Catholic World News News Feature
Powerful papal challenge to Islam, secularism September 12, 2006
Pope Benedict XVI issued direct challenges both to the Islamic world and to secular rationalism, in a powerful lecture delivered on September 12 at the University of Regensburg.
Speaking to an audience of scientists and scholars, at the university where he himself once taught theology, the Holy Father argued that Christianity welcomes intellectual inquiry and always reveres the truth. The academic world, he said, should not be bound by a fear of addressing in turn that question raised by faith.
The Pope opened his lecture by quoting a scholarly work of the Byzantine Emperor Manuel II Paleologus, writing late in the 14th century, about the difference between the Christian and Islamic understanding of God. Tracing the emperor's argument on the use of force and the concept of "holy war," the Pope pointedly quoted from the Qu'ran (surah 2, 256): "There is no compulsion in religion."
Pope Benedict then quoted the emperor's challenge to his scholarly interlocutor:
Show me just what Mohammed brought that was new, and there you will find things only evil and inhuman, such as his command to spread by the sword the faith he preached.
From the Christian perspective, the Pontiff continued, any attempt to use religious faith as justification for violent attacks is impossible. "Violence is is incompatible with the nature of God and the nature of the soul," he said.

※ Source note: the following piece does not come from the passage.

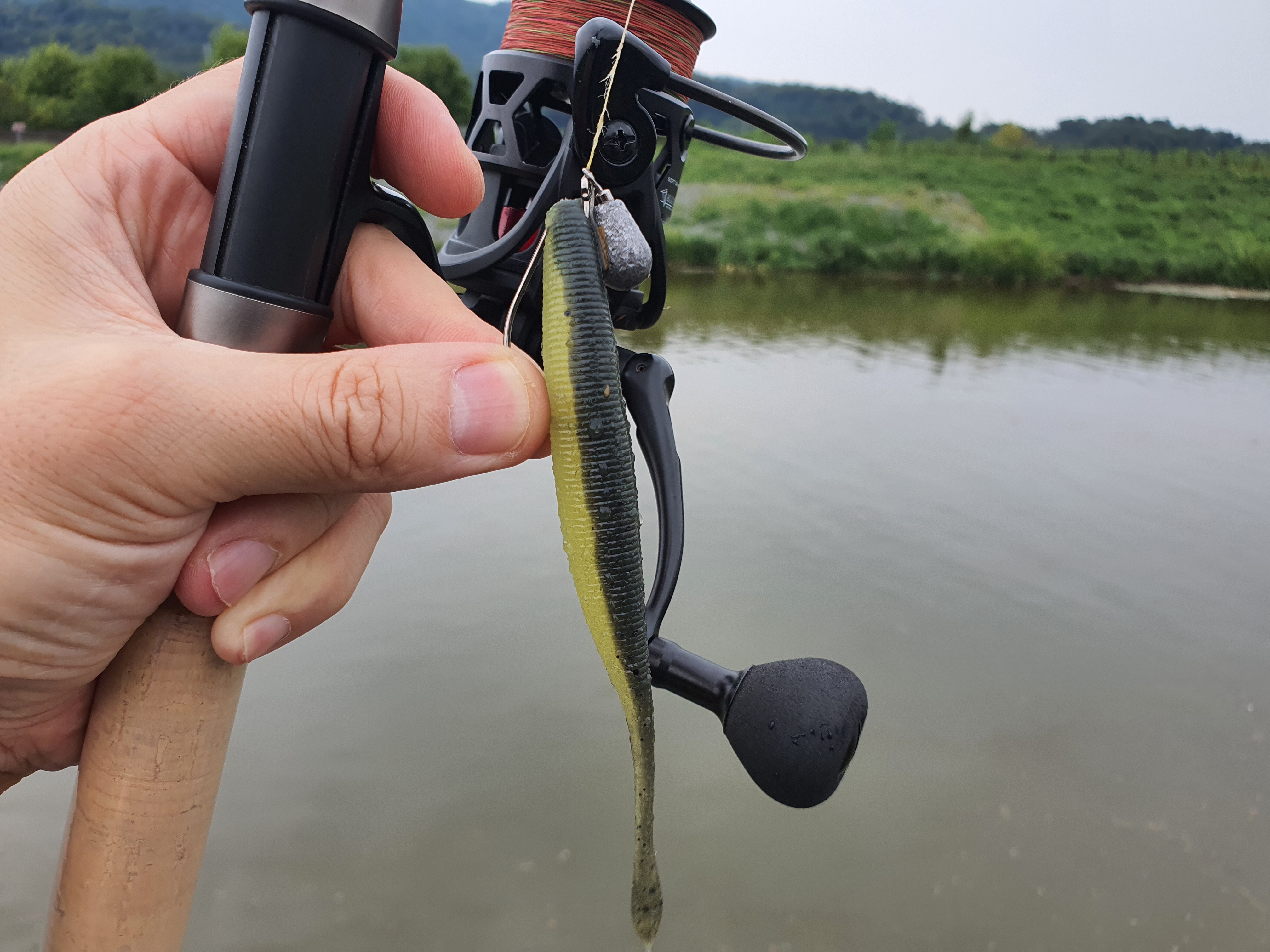 무심코 캐스팅한 후, 조금의 액션을 주다가 수초에 걸려 툭툭 당겨 채비를 넘겨 가라앉는데 뭔가 툭 걸리는 느낌이 옵니다. 또 뭐가 걸렸나 하는 와중에 갑자기 치고 나가네요. 역시 배스는 멀리 있지 않았나 봅니다.

Attempting to convert someone by the use of violence is also an absurdity to Christians, the Pope continued, because the use of violence is an attempt to compel someone, rather than reason with him, and that approach is foreign to the God of the Bible. The Pope noted that "not to act in accordance with reason is contrary to God's nature."
In fact, the Christian conception of God is summarized by St. John, who refers to "the Word," using the Greek term logos. The Pope observed: "Logos means both reason and word-- a reason which is creative and capable of self-communication, precisely as reason."
For centuries, theologians sought to follow reason in the study of God's Word, the Pope told his academic audience. In recent times there has been a reaction against that effort, and an effort to convert theology into a "scientific" endeavor, governed by the same rules as mathematics and the experimental sciences. The Pope continued with a critique of the modern project, insisting that faith and reason should not be viewed as opposing forces. The modern approach to theology also carries a serious risk, he said, because "any attempt to maintain theology’s claim to be 'scientific' would end up reducing Christianity to a mere fragment of its former self."
Pope Benedict emphasized that he did not intend to suggest that all modern thought is misguided. "The positive aspects of modernity are to be acknowledged unreservedly," he said. But a constructive critique of modern secularism can surely be undertaken, he said, without worrying that the effort means "putting aside insights of the modern age."
The fundamental challenge that the Pope issued to the modern academic world was simple and direct: Are scholars prepared to speak rationally about the intellectual claims posed by religious believers? He said: "A reason which is deaf to the divine and which relegates religion into the realm of subcultures is incapable of entering into the dialogue of cultures."